What is dry mouth
A dry mouth happens when you don’t produce enough saliva. It can increase your risk of tooth decay, oral infections, and gum disease.
If you have dry mouth, you may experience discomfort and difficulty with speech, chewing and swallowing.
Some medical conditions can cause dry mouth. The most common medical conditions that can cause dry mouth are Sjogren’s syndrome, sleep apnoea, diabetes, Alzheimer’s and old age.
A range of medications such as blood pressure or antidepressant medications can cause dry mouth.
Saliva has many critical functions in the mouth including lubricating and hydrating the gums and cheeks, providing nutrients to the teeth, neutralising dietary acids, facilitating taste sensation and digestion and retaining your denture. Low saliva quantity or poor saliva quality increases your risk of tooth decay, oral infections and gum disease
Management of dry mouth
If you experience dry mouth you may want to talk to your doctor and/or dental professional to determine if your medications may be causing this.
Your doctor may be able to investigate if there are some alternatives to your medications and your dental professional may be able to provide some advice on what you can do to best look after your teeth and gums.
Relieving dry mouth
- Keep your mouth moist by sipping plain tap water.

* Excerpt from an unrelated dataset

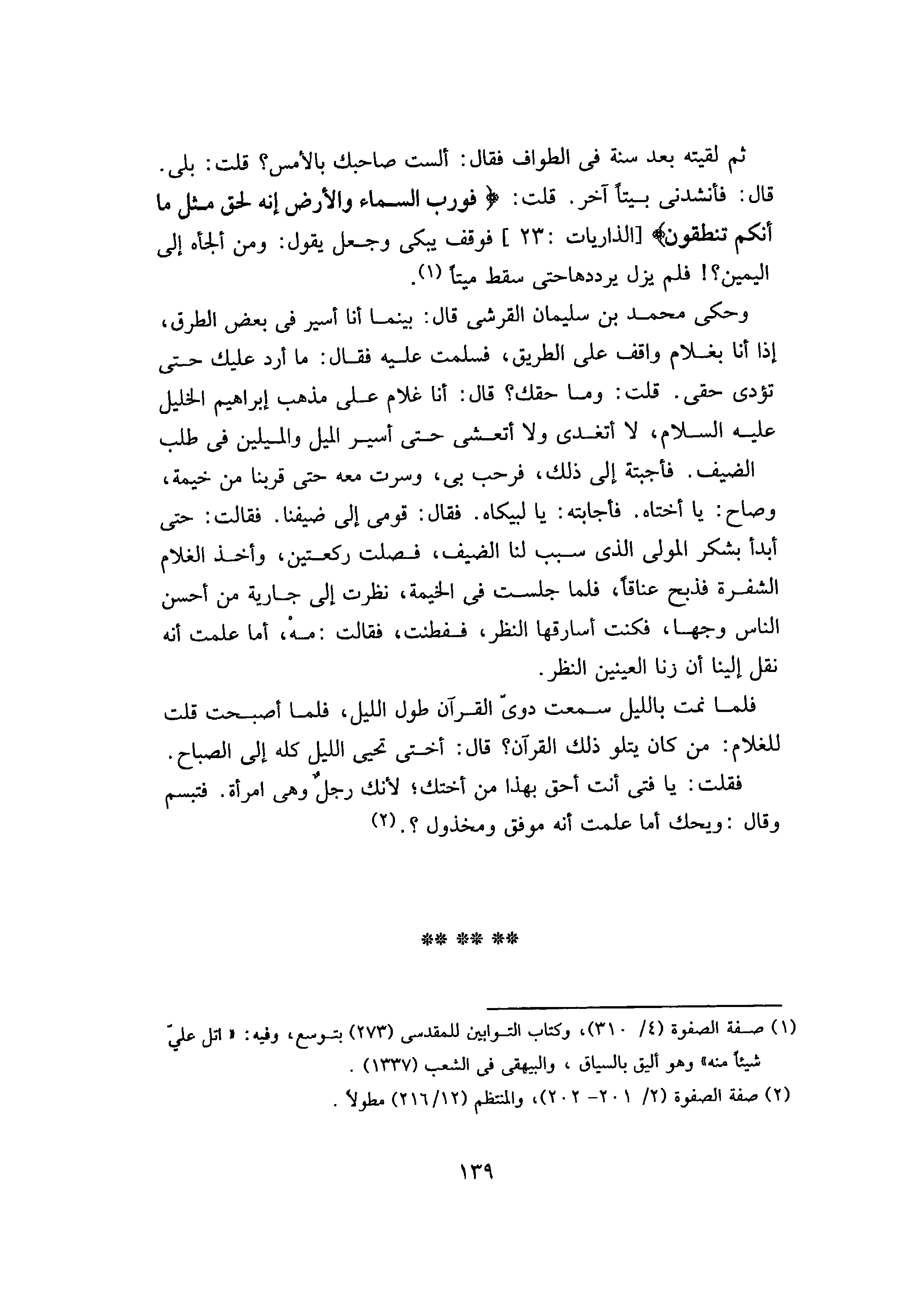 فَقَالَتْ: حَتَّى أَبْدَأَ بِشُكْرِ الْمَوْلَى الَّذِي سَبَّبَ لَنَا الضَّيْفَ، فَصَلَّتْ رَكْعَتَيْنِ، وَأَخَذَ الْغُلامُ الشَّفْرَةَ فَذَبَحَ عِنَاقًا، فَلَمَّا جَلَسْتُ فِي الْخَيْمَةِ، نَظَرْتُ إِلَى جَارِيَةٍ مِنْ أَحْسَنِ النَّاسِ وَجْهًا، فَكُنْتُ أُسَارِقُهَا النَّظَرَ، فَفَطِنَتْ، فَقَالَتْ: مَهْ، أَمَا عَلِمْتَ أَنَّهُ نُقِلَ إِلَيْنَا أَنَّ زِنَا الْعَيْنَيْنِ النَّظَرُ.
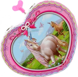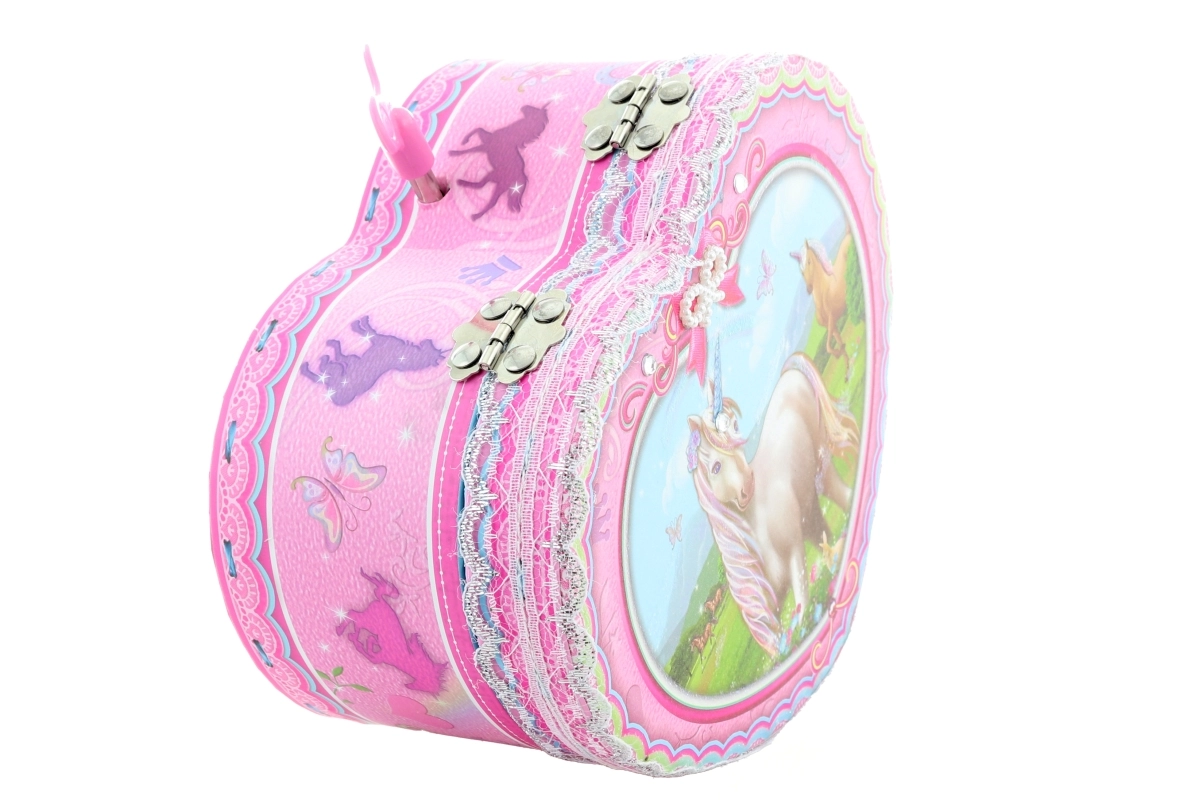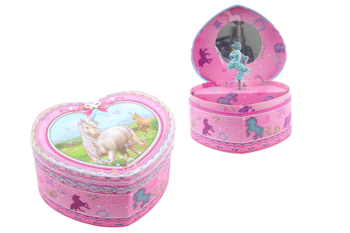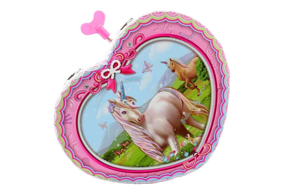 Čarobna rožnata škatlica za nakit v obliki srca z motivom samoroga bo razveselila male in velike ljubiteljice prikupnih dodatkov. Po navijanju ključka se v notranjosti pred ogledalcem zavrti balerina in zazveni nežna melodija. Idealna za shranjevanje drobnega nakita in zakladkov, z dekorativno izvedbo, ki polepša vsak prostor. Glasbeni mehanizem, ogledalce, vrteča se balerina, samorog motiv in kompaktne mere.

- Swish your mouth with water after sugary/ acidic foods and drinks.
- Chew sugar-free gum.
- Drink lots of water.
- Ask your dentist, health professional or pharmacist about dry mouth products.
- If you are a smoker, think about quitting. For free advice call the Quitline on 13 78 48.
Looking after your teeth
Look after your teeth and mouth
- Brush your teeth and gums each morning and night.
- Use a small soft toothbrush and a pea-sized amount of fluoride toothpaste.
- Spit toothpaste out, don’t rinse.
- Minimise the frequency, duration of exposure and amount of sugar in your diet.
- Minimise the amount of acids in your diet.
- Visit your dental professional regularly.